Then, one fall afternoon in 2006, four decades after her symptoms began, Campbell met an anesthesiologist at a hypnotherapy workshop. Over lunch she found herself telling the anesthesiologist about her condition. She mentioned the appendectomy she'd had not long before everything changed.

The anesthesiologist was intrigued. He told her about a phenomenon that had sometimes accompanied early gas anesthetics, particularly ether, in which patients reacted to the gas by coughing and choking, as if they were suffocating.

The comment sparked something in Campbell. “I started having all these flashes,” she remembers. “The flashes were me being on the table. The flashes were of the room. The flashes were of the bright lights over me.” A man—the same one from her memory?—was there. At some point the room went black. “And then I got to the place where I was on the table, and I just remember feeling terror,” she says. “That's all I remember. I don't see anything. I don't feel anything. It's absolute, abject terror. And the feeling that I am dying.” At that moment, Campbell realized that something had happened to her during her appendectomy, something that changed her forever. After several years of investigation, she figured it out: she had woken up on the table.

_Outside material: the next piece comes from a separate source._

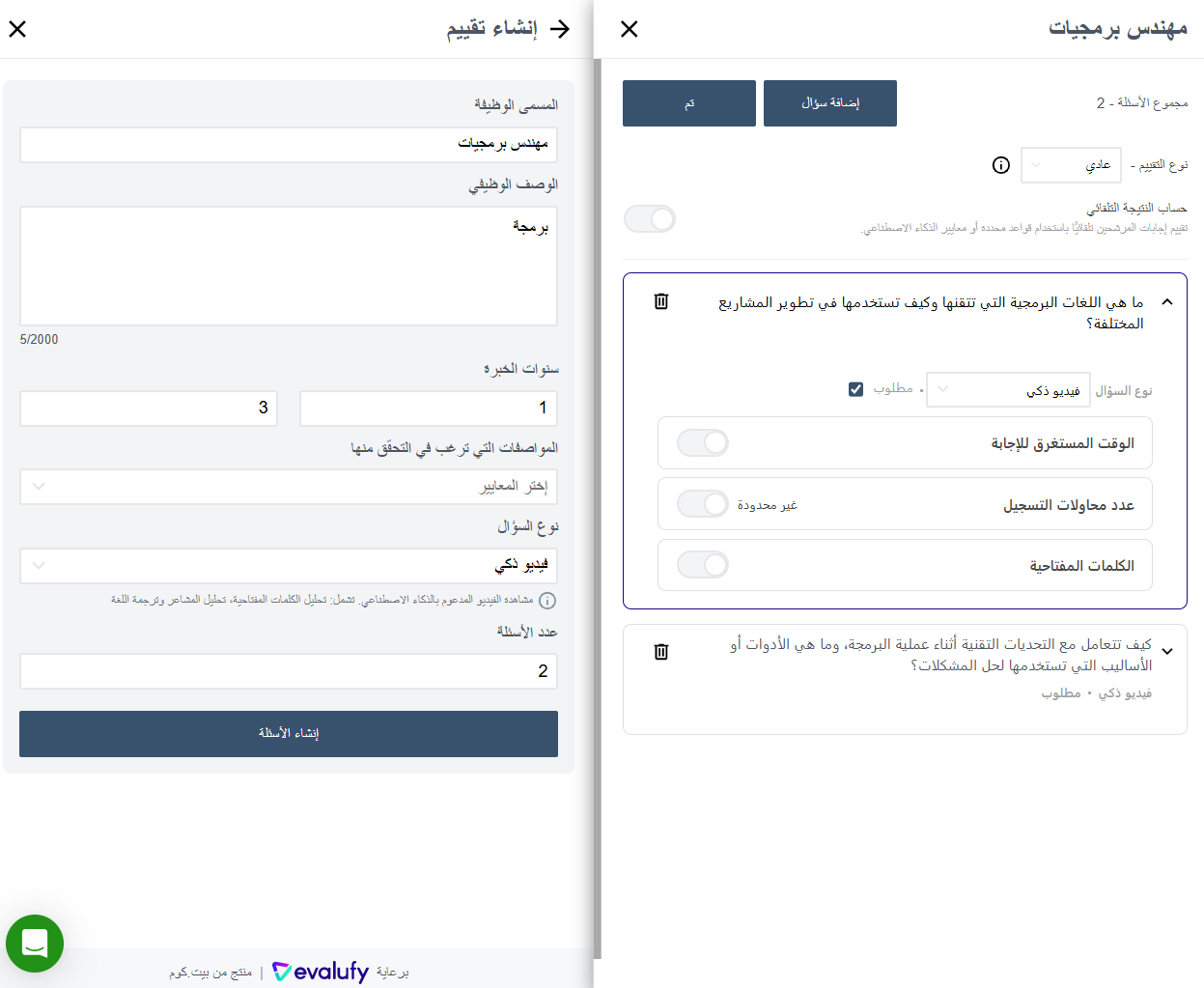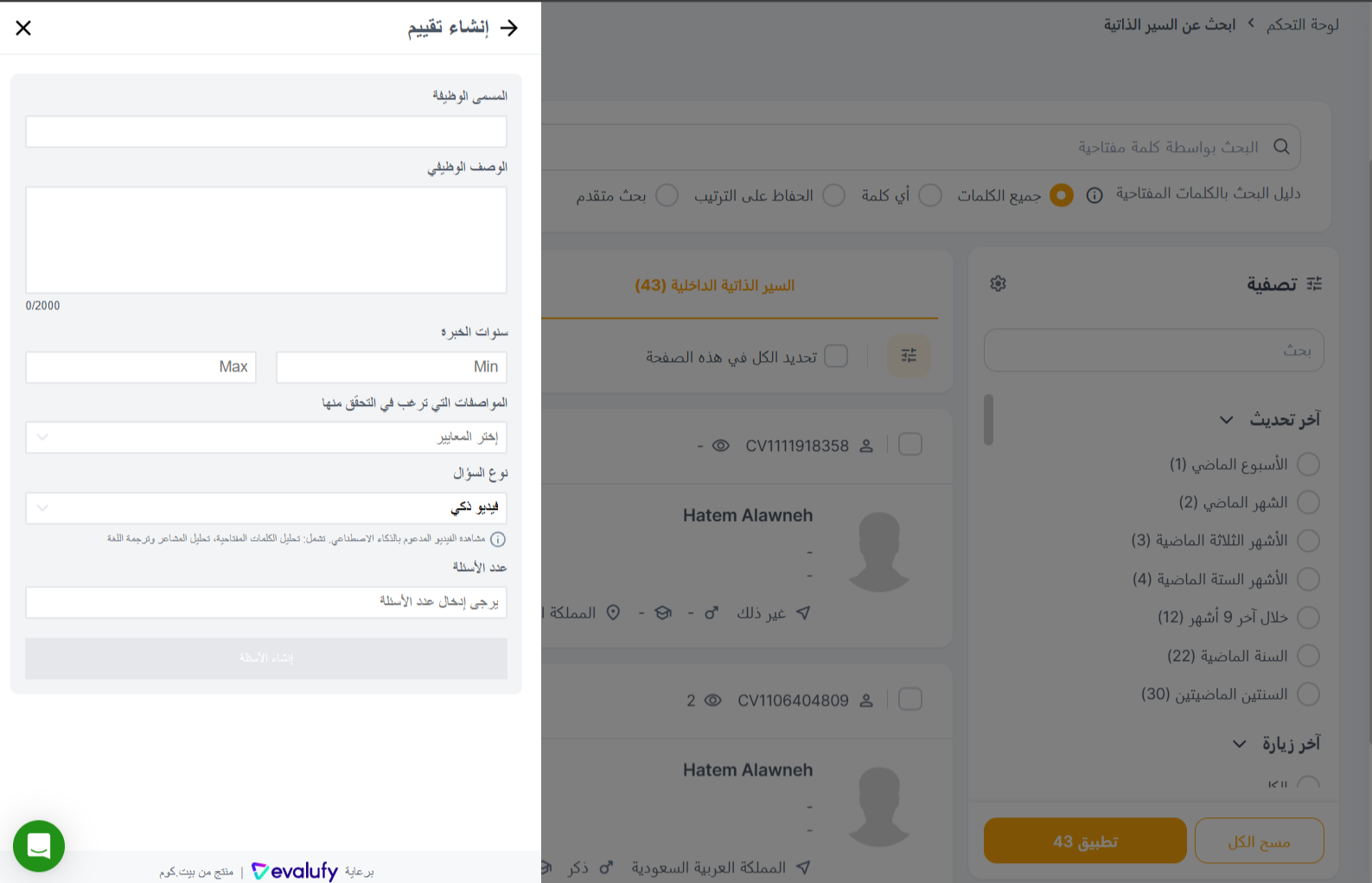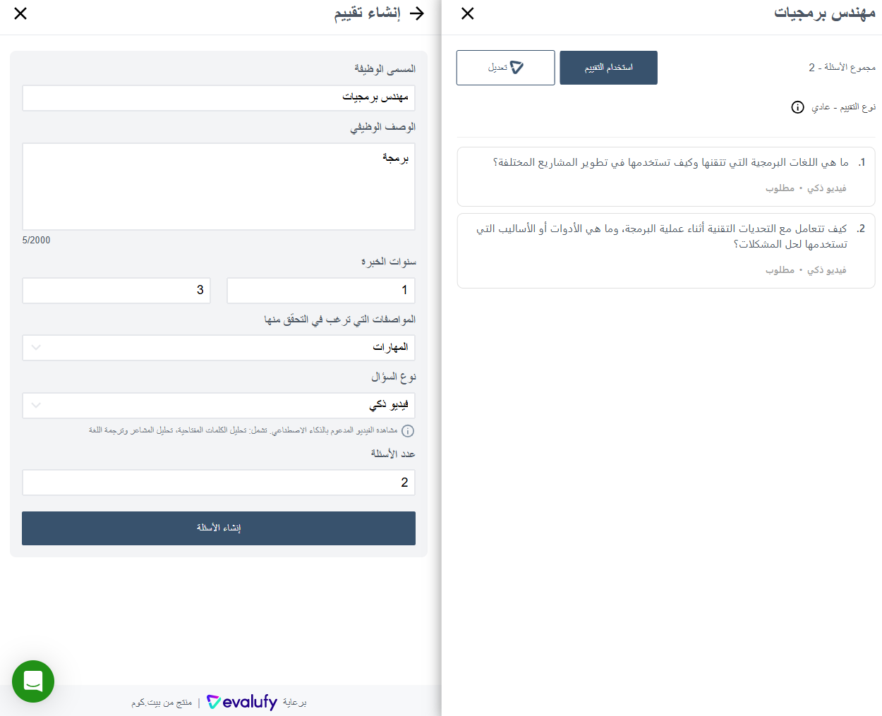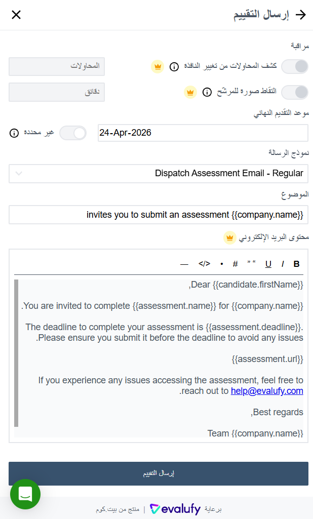 - **إرسال تقييم** (Send Assessment): يمكن لأصحاب العمل إرسال ****تقييمات محددة مسبقًا** **من خلال أداة Evalufy أو إنشاء **تقييم مخصص**. لإنشاء تقييم مخصص، ما عليك سوى إدخال **المسمى الوظيفي، الوصف الوظيفي، سنوات الخبرة**، وتحديد **السمات المراد التحقق منها** (المهارات، الشخصية، والكفاءة). بعد ذلك، اختر **أنواع الأسئلة**، والتي تشمل:

This experience is called “intraoperative recall” or “anesthesia awareness,” and it's more common than you might think. Although studies diverge, most experts estimate that for every thousand patients who undergo general anesthesia each year in the United States, one to two will experience awareness. Patients who awake hear surgeons' small talk, the swish and stretch of organs, the suctioning of blood; they feel the probing of fingers, the yanks and tugs on innards; they smell cauterized flesh and singed hair. But because one of the first steps of surgery is to tape patients' eyes shut, they can't see. And because another common step is to paralyze patients to prevent muscle twitching, they have no way to alert doctors that they are awake.

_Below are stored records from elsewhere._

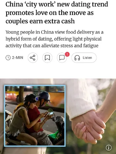 В Китае пары устраиваются работать курьерами, чтобы ходить на свидания после основной работы. Этим мувом они убивают двух зайцев — проводят время вместе и зарабатывают деньги на хотелки. Инновационны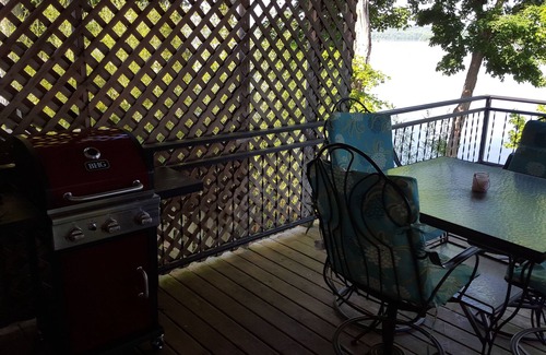 Outside you will see that the lake is only about 50 steps away. There are concrete steps all the way into the water. The shoreline is perfect for swimming or just hanging out. The lake bottom is a rock/mud combination. The boat traffic is a safe distance away leaving you several hundred yards of calm area to swim in. There will be plenty of room for a fire on the shoreline as long as the water level isn't higher than normal. With being on the lake there is always a chance of bugs, please understand we do everything we can to keep the outside of the house clean but sometimes it just is not possible. June, July, and August have what is called a Mayfly hatch occasionally, they do not bite and are good for fishing.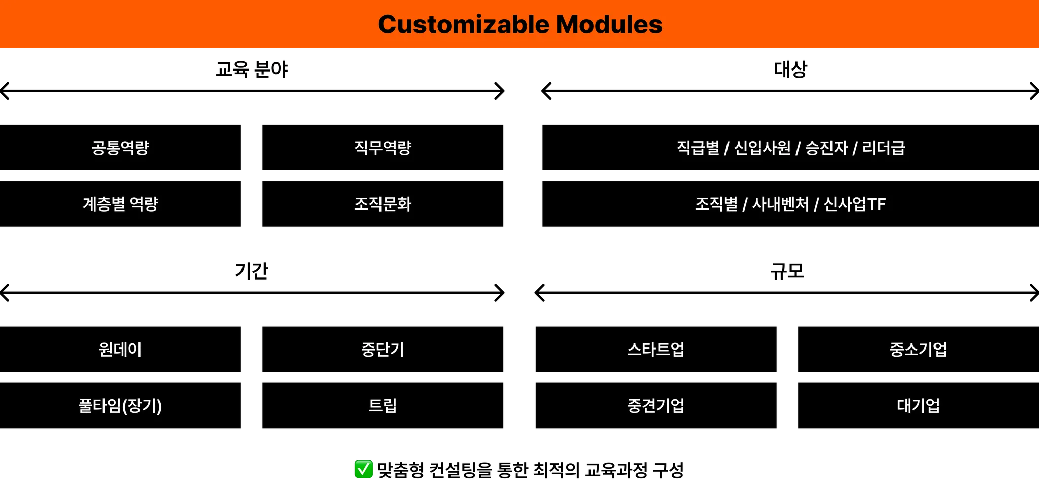 파트너사의 교육 목적, 분야, 대상, 기간, 예상 등을 고려한 기획 컨설팅을 통해 1:1 맞춤형 교육 과정을 설계합니다.

Many of these cases are benign: vague, hazy flashbacks. But up to 70 percent of patients who experience awareness suffer long-term psychological distress, including PTSD—a rate five times higher than that of soldiers returning from Iraq and Afghanistan. Campbell now understands that this is what happened to her, although she didn't believe it at first. “The whole idea of anesthesia awareness seemed over-the-top,” she told me. “It took years to begin to say, ‘I think this is what happened to me.'” She describes her memories of the surgery as being like those from a car accident: the moments before and after are clear, but the actual event is a shadowy blur of emotion. She searched online for people with similar experiences, found a coalition of victims, and eventually traveled up the East Coast to speak with some of them. They all shared a constellation of symptoms: nightmares, fear of confinement, the inability to lie flat (many sleep in chairs), and a sense of having died and returned to life. Campbell (whose name and certain other identifying details have been changed) struggles especially with the knowledge that there is no way for her to prove that she woke up and that many, if not most, people might not believe her. “Anesthesia awareness is an intrapersonal event,” she says. “No one else sees it. No one else knows it. You're the only one.”

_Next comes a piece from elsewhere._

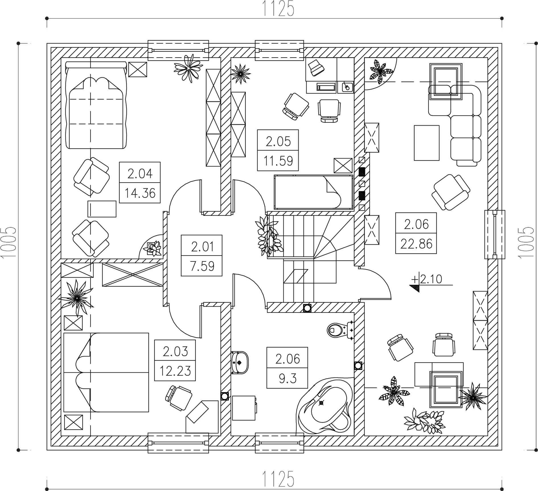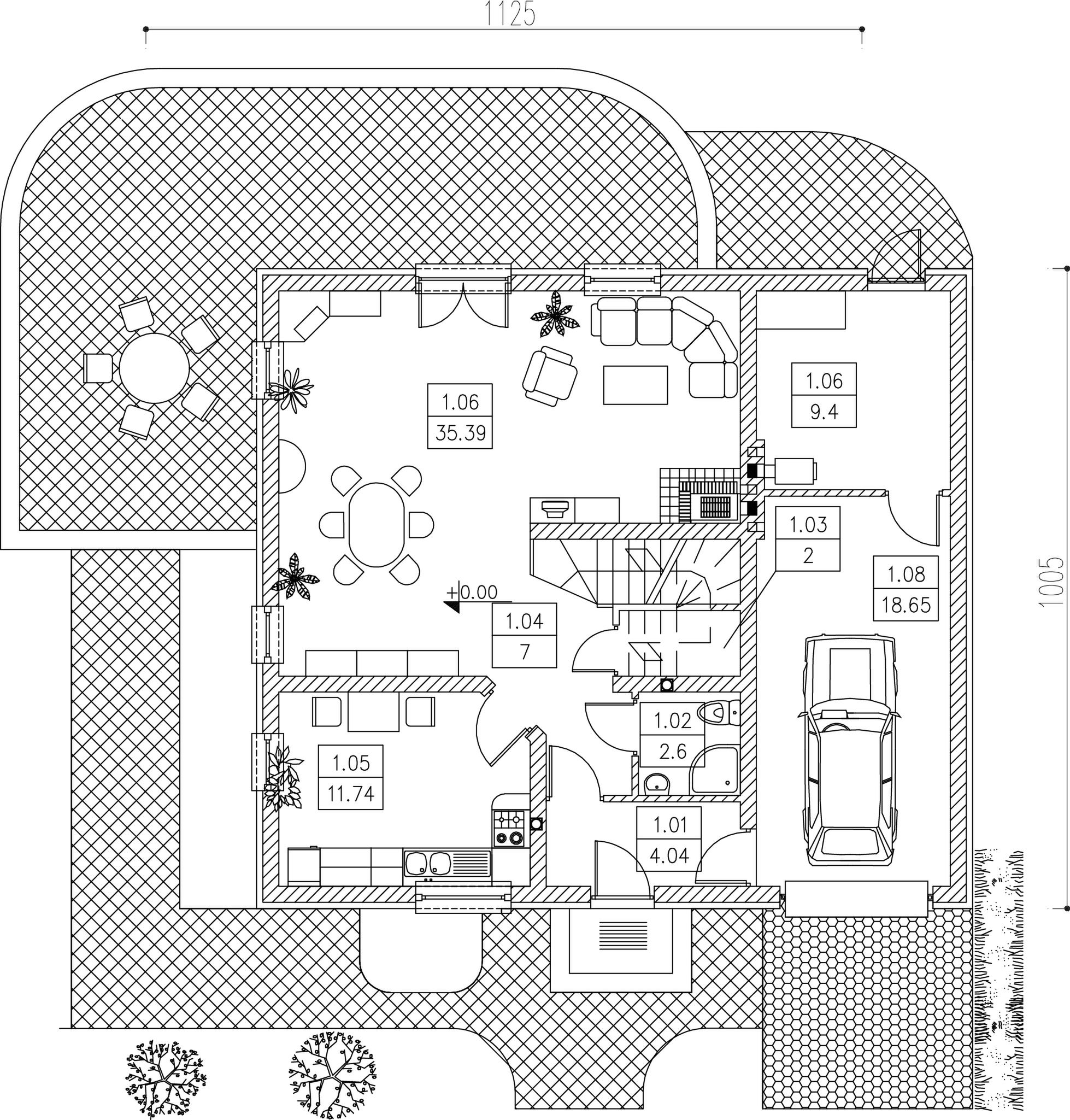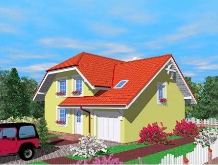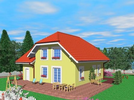 Graficzne opracowanie rzutów poglądowych widocznych na karcie projektu zostało wykonane przez Extradom.pl. Prezentowane przez Extradom.pl wizualizacje wykonane zostały przez autora projektu i należy poczytywać je jedynie za przykład i propozycję wykończenia, wizję architektoniczną autora projektu. Ostateczne wykończenie budynku może nastąpić na wiele sposobów. Szczegółowe rozwiązania zastosowane w oferowanej dokumentacji - w tym również ilość, lokalizacje i wygląd okien, drzwi, kominów - mogą w niewielkim stopniu różnić się od prezentowanej wizualizacji budynku.

In most cases of awareness, patients are awake but still dulled to pain. But that was not the case for Sherman Sizemore Jr., a Baptist minister and former coal miner who was seventy-three when he underwent an exploratory laparotomy in early 2006 to pinpoint the cause of recurring abdominal pain. In this type of procedure, surgeons methodically explore a patient's viscera for evidence of abnormalities. Although there are no official accounts of Sizemore's experience, his family maintained in a lawsuit that he was awake—and feeling pain—throughout the surgery. (The suit was settled in 2008.) He reportedly emerged from the operation behaving strangely. He was afraid to be left alone. He complained of being unable to breathe and claimed that people were trying to bury him alive. He refused to be around his grandchildren. He suffered from insomnia; when he could sleep, he had vivid nightmares.

The lawsuit claimed that Sizemore was tormented by doubt, wondering whether he had imagined the horrific pain. No one advised Sizemore to seek psychiatric help, his family alleged, and no one mentioned the fact that many patients who experience awareness suffer from PTSD. On February 2, 2006, two weeks after his surgery, Sizemore shot himself. He had no history of psychiatric illness.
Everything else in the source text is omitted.